É importante aprofundarmos nossa compreensão dos tumores para criar tratamentos para cada etapa. Ou seja, entendendo cada processo em que o tumor se cria, se sustenta e finalmente se sobrepõe ao resto do corpo de um paciente, a ciência pode criar remédios específicos para cada etapa. Isso explica claramente porque não é possível criar um único remédio capaz de “curar” o câncer. Os tumores apresentam múltiplos mecanismos modificados, os quais permitem a adaptação das células aos ambientes mais diversos e hostis. Daí dizer que a cura contra o câncer já existe, mas que os laboratórios não a distribuem porque é mais rentável produzir tratamentos mais caros e que apenas prolonguem a vida, é evidentemente falta completa de conhecimento, além de usar um raciocínio conspirativo e de completa ausência de conhecimento do assunto.
Senhores, o processo de formação de um câncer leva de 10 a 30 anos para iniciar até ser clinicamente evidente e precisa de no mínimo 30 fatores de risco aos quais as pessoas se expõem para que ele possa ser desencadeado. Isto nos diz que precisamos tomar cada vez mais cuidado com as causas conhecidas e nos afastarmos destas.
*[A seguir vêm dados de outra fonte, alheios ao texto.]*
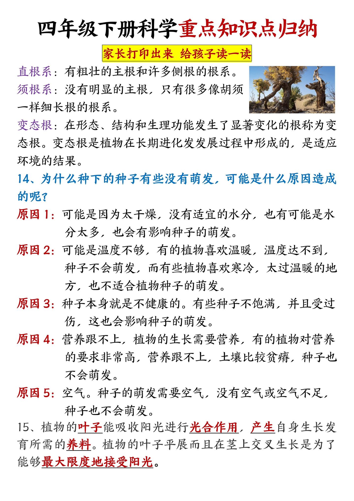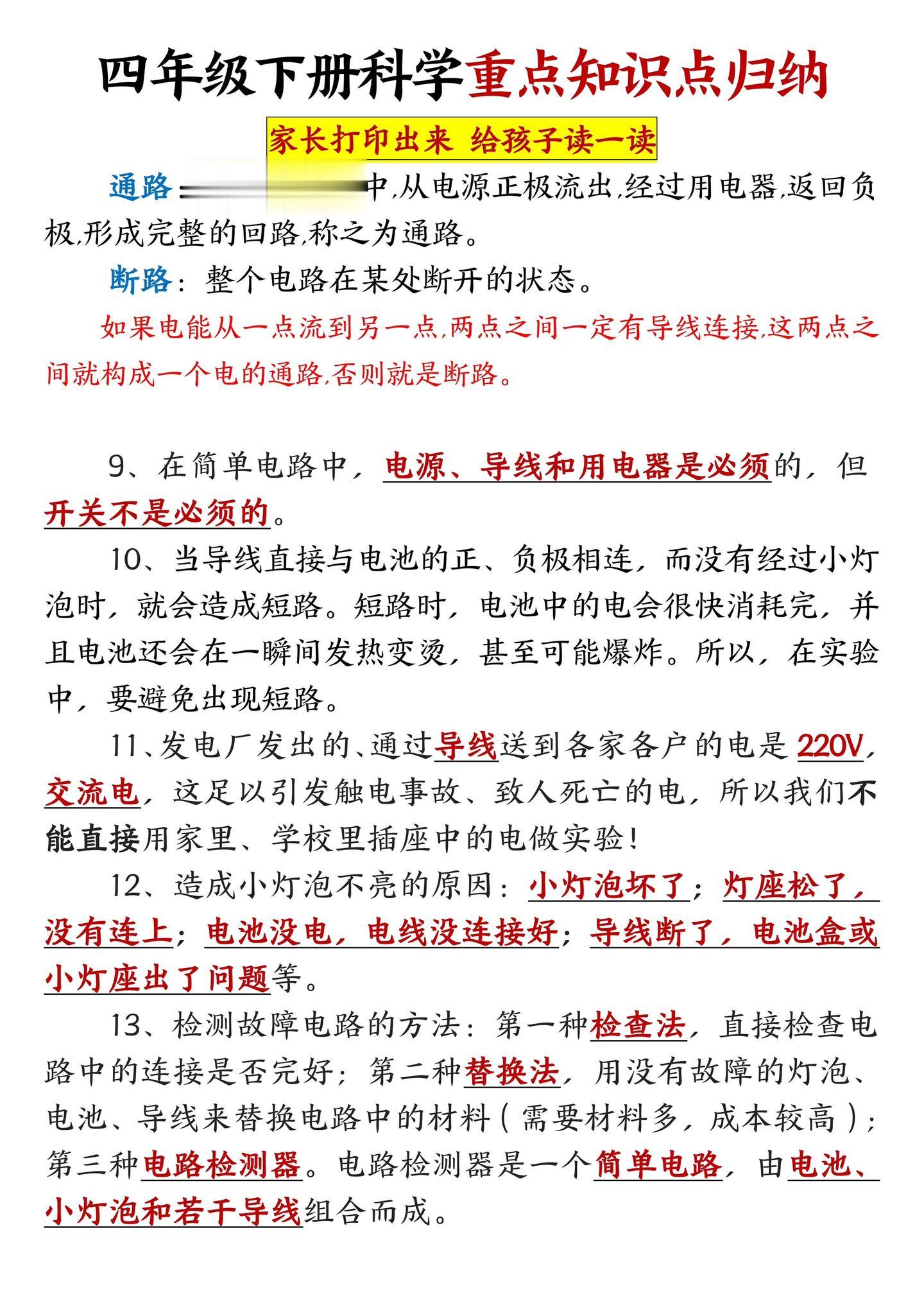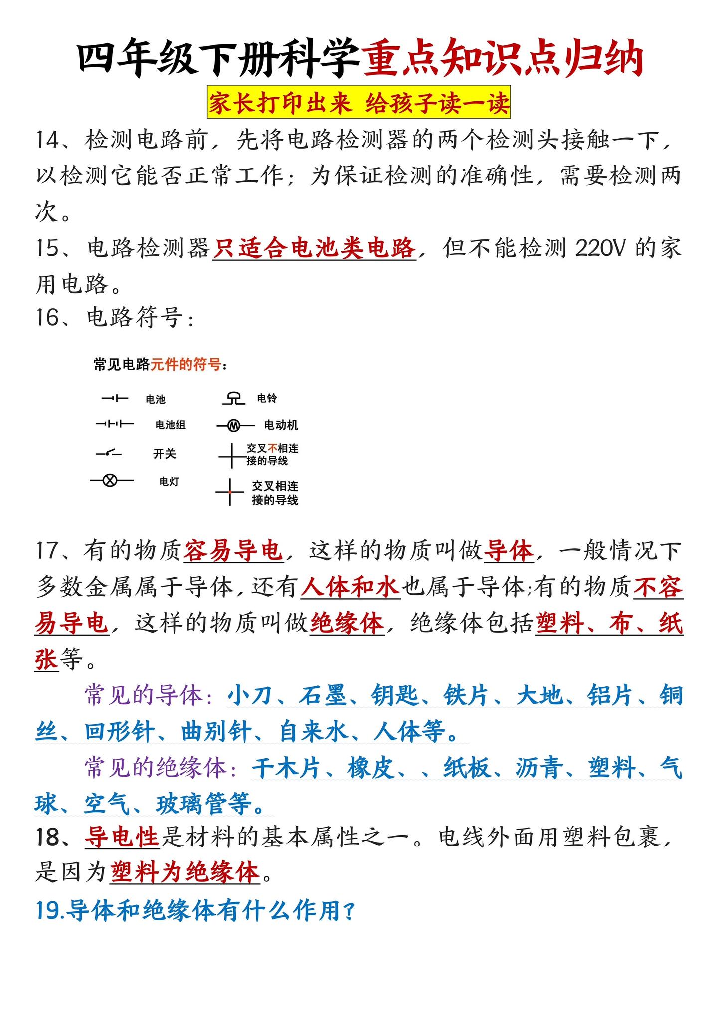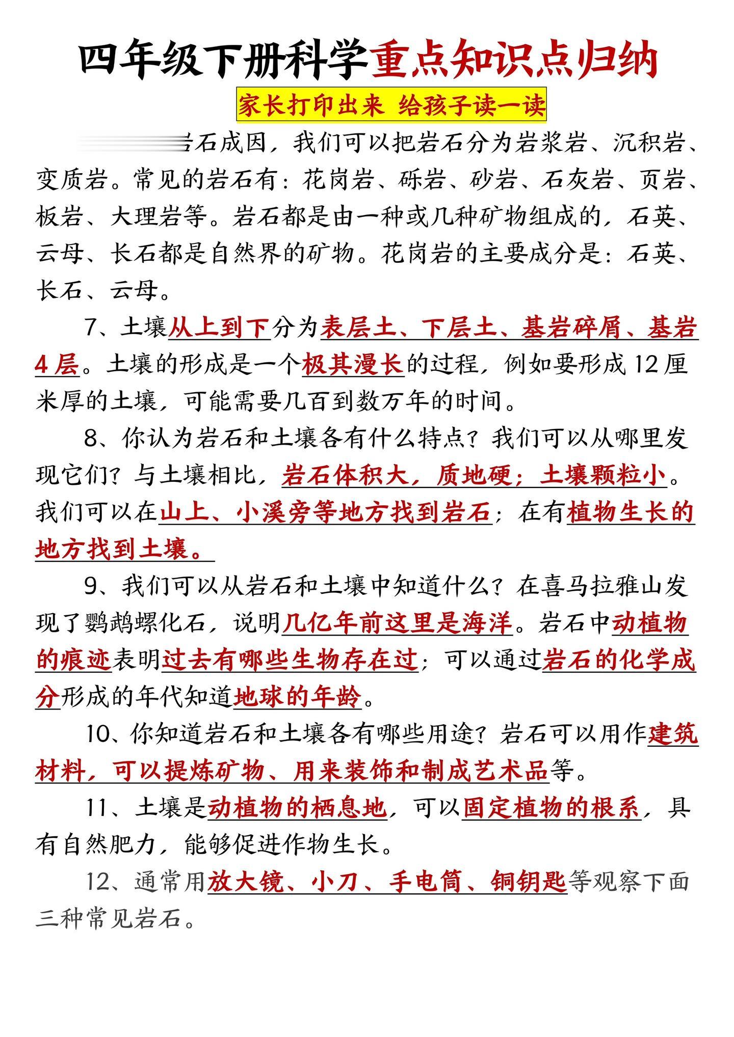 26春小学四年级科学下册知识点总结。知识分享 每天跟我涨知识 陪娃学习 有需要可以自行下载打印出来。永春县桃城镇师范路最便宜打印店 八方文印店。

Hoje já temos remédios para diminuir a produção de vasos sanguíneos pelo tumor, assim como medicamentos que atacam características específicas às células tumorais, que não são achadas em células normais. Há novos medicamentos sendo estudados para induzir a célula a recuperar a capacidade de reativar a famosa apoptose e outros para inibir a excessiva produção de fatores de crescimento celular. Temos algumas centenas de medicações novas, com mecanismos incrivelmente modernos e pouco conhecidos.
Um dia a ONCOLOGIA e a GENÉTICA irão se unir nesta luta e a partir daí serão indissolúveis, mas o caminho é LONGO!